Dziecięcej dociekliwości i ciekawości (nawet jeśli czasem potrafi przytłoczyć i przycisnąć niczym ciężki, gorący kamień w upalny dzień) nie należy gasić. Ją należy podlewać jak kwiat, który dzięki odpowiedniej pielęgnacji puści piękne pąki i cudownie się rozrośnie. Wierzcie mi, że trud włożony we wspólne bycie z dzieckiem, poważne jego traktowanie, w przyszłości zaprocentują.

Schowek_a04

Co zatem należy robić, aby tak się stało? Po pierwsze i najważniejsze: ROZMAWIAĆ z dzieckiem. Pytać je o otaczającą rzeczywistość, zjawiska atmosferyczne, cykliczność pór roku (Jak myślisz, dlaczego gwiazdy świecą? Jak myślisz, dlaczego księżyc świeci? Dlaczego ślimak ma muszlę? Dlaczego niebo jest niebieskie?). Dociekać (co się stanie, gdy do wody dodamy mydło w płynie i energicznie je wymieszamy? Jak powstaje piana?). Eksperymentować. Wspólnie się nad czymś zastanawiać (Dlaczego samochód ma cztery koła a nie trzy?). Wspólnie się bawić, zarówno w domu, jak i na dworze. Wyszukiwać w rozmaitych sytuacjach możliwości do pytania: “Dlaczego?” Próbując wspólnie zastanawiać się nad możliwą odpowiedzią. Opowiadając i czytając bajki, porządkujące wiedzę o świecie. Nie przeszkadzając, nie zniechęcając, nie zabraniając okazywania ciekawości oraz wskazywania czegoś palcem.

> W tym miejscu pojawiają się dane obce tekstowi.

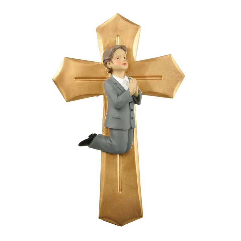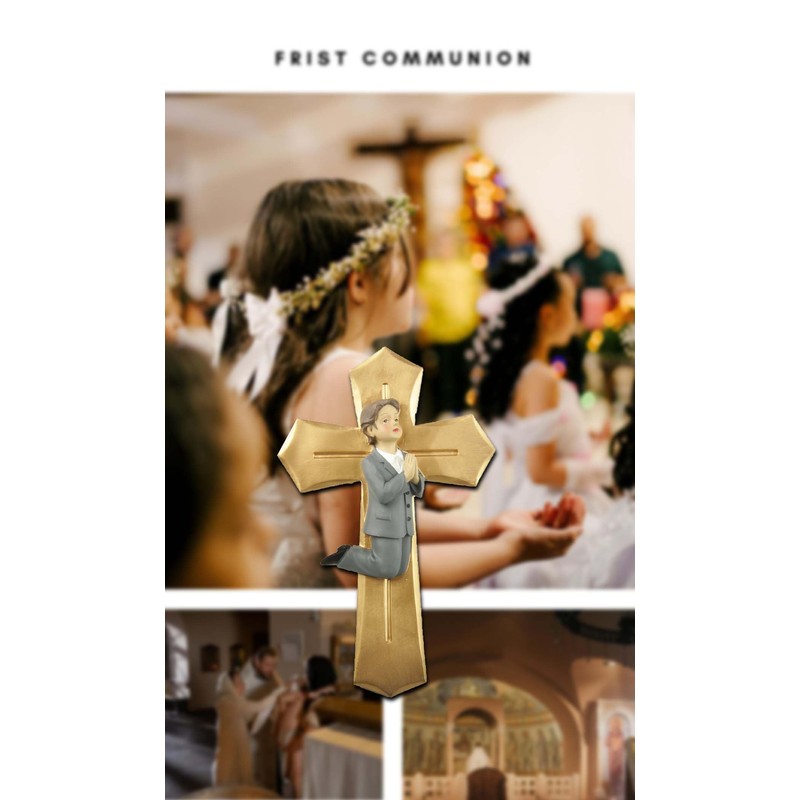 PlentifulHome This hand-carved off white resin crucifix statue is religious artwork that shows the Holy Spirit family and the Jesus family
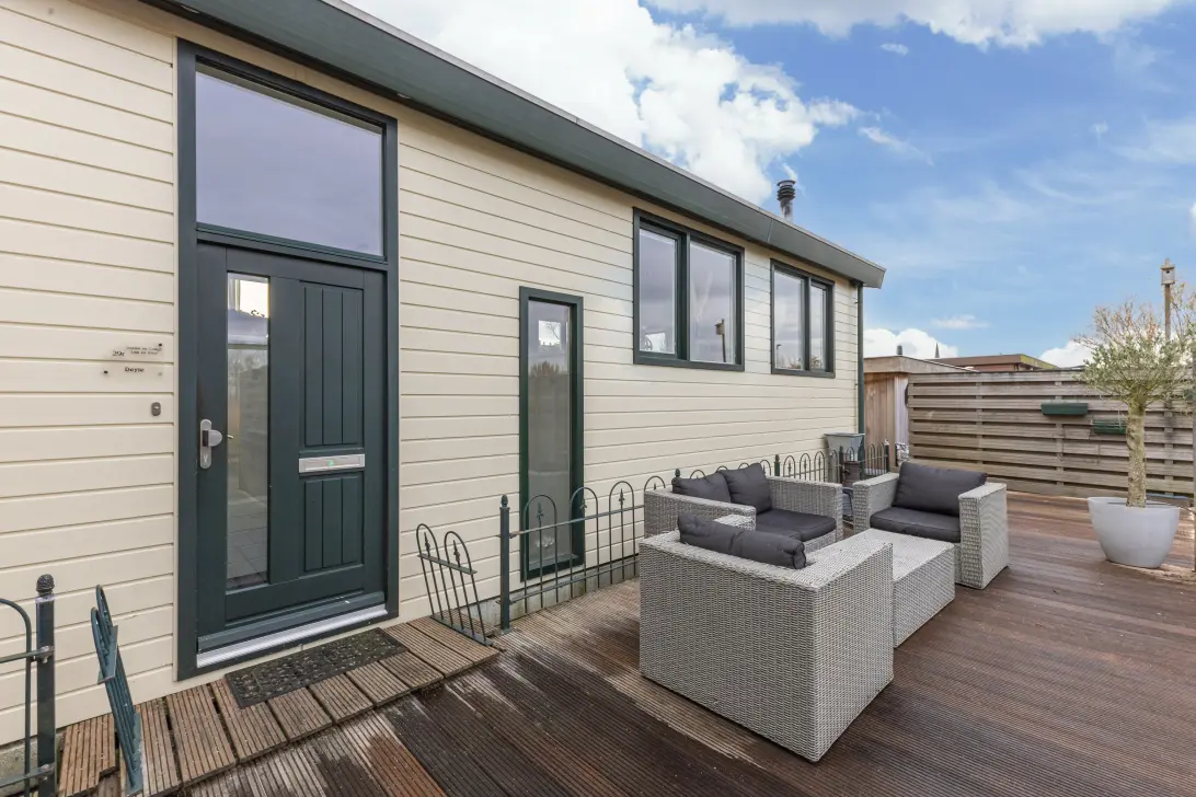 De tuin aan de voorkant van het schip geeft ruimte om twee auto’s op het erf te parkeren. Tevens is er een heerlijk terras met privacy en geweldig uitzicht. De steiger is in 2020 vervangen met hardhouten Bankirai vlonderplanken en voorzien van 8 meter hardhouten palen met betonnen opzetstukken. Ook is de beschoeiing in 2020 vernieuwd. In de Redceder houten, geïsoleerde en verwarmde berging met vliering is genoeg ruimte om fietsen, gereedschap en de tuinkussens op te bergen. De tuin is eigendom van gemeente Zaanstad.
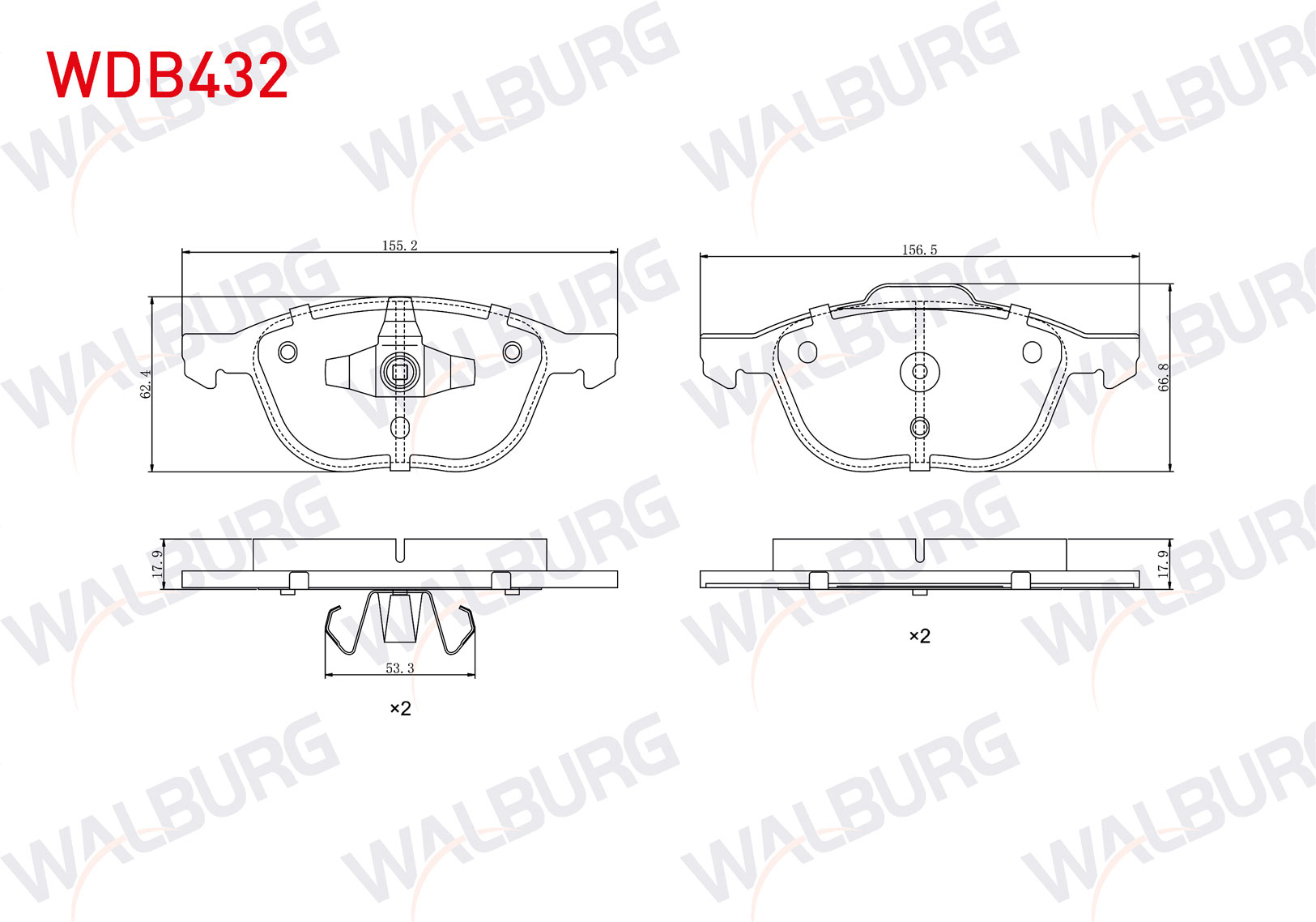 WALBURG WDB432 | Fren Balata Ön Ford Focus II 1.6İ 2004-2011 / Focus II 1.6 TDCI 2004-2011 / C-Max I 1.6 TDCI 2007-2011 / Focus III 1.6 TDCI 2011-2015 / Kuga I 1.6 2008-2013 / Mazda 3 1.4İ 2003-2009 / S40 II 1.6İ 2004-2012

W czasie spędzonym wspólnie z dzieckiem warto być UWAŻNYM i dać mu poczucie, że ten moment, w którym jestem tylko “Ja i Ty” jest szczególny i godny zapamiętania. Warto schylać się, dostosowując do wysokości dziecka i nawiązać z nim kontakt wzrokowy, gdyż dzięki temu uzyskujemy wspólne pole uwagi.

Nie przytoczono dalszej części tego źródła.